## Information supplied

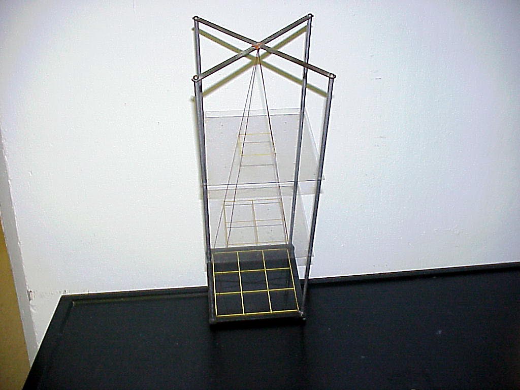 Demo DescriptionThree plastic square discs are spaced at 17, 34, and 51 cm from a 'point source' on a framework. |
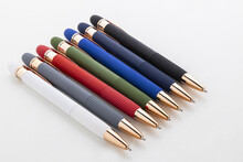 Kuličkové pero z recyklovaného hliníku s pogumovaným tělem a detaily v růžovo-zlaté barvě. Se speciálním povlakem pro zrcadlové laserové gravírování v růžovo-zlaté barvě. S modrou náplní.
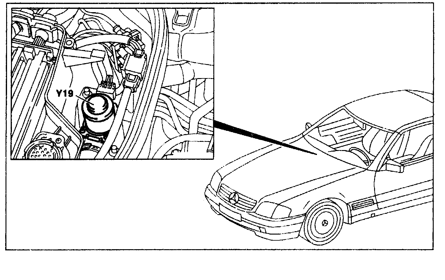 The monovalve (Y19) is located at the right rear in the engine compartment.
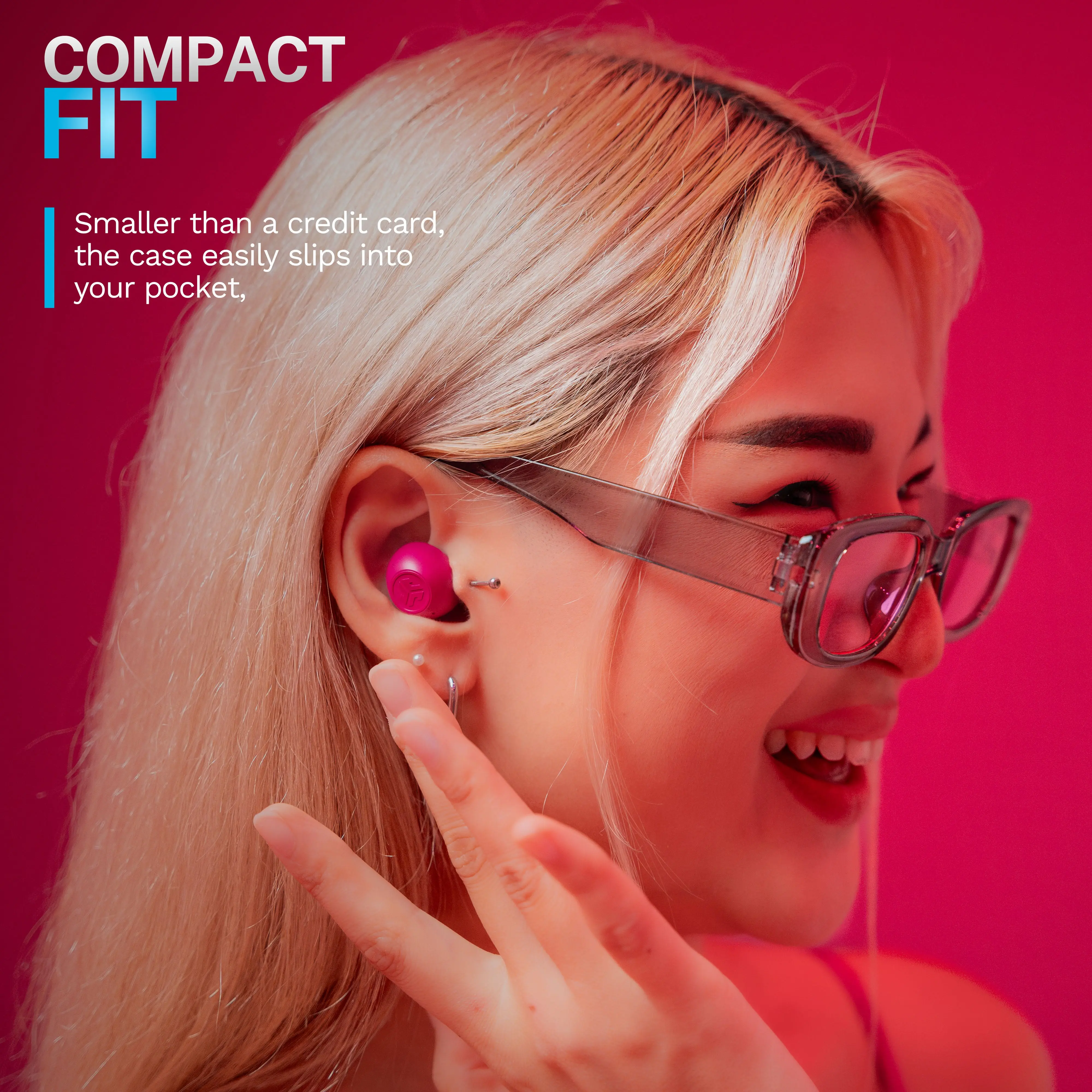 JLab offers a two-year warranty. The earbuds and case are IP55 sweat and splashproof. Weighing 8.2g and 22g respectively, they fit comfortably. Dimensions: earbuds 0.8 x 0.68 x 0.87 inch, case 2.2 x 1 x 1.6 inch. Get the JLab GO POP ANC today!

## Activity
Return the material above verbatim, minus the pictures.

## Solution for this problem
 Demo DescriptionThree plastic square discs are spaced at 17, 34, and 51 cm from a 'point source' on a framework. |
 Kuličkové pero z recyklovaného hliníku s pogumovaným tělem a detaily v růžovo-zlaté barvě. Se speciálním povlakem pro zrcadlové laserové gravírování v růžovo-zlaté barvě. S modrou náplní.
 The monovalve (Y19) is located at the right rear in the engine compartment.
 JLab offers a two-year warranty. The earbuds and case are IP55 sweat and splashproof. Weighing 8.2g and 22g respectively, they fit comfortably. Dimensions: earbuds 0.8 x 0.68 x 0.87 inch, case 2.2 x 1 x 1.6 inch. Get the JLab GO POP ANC today!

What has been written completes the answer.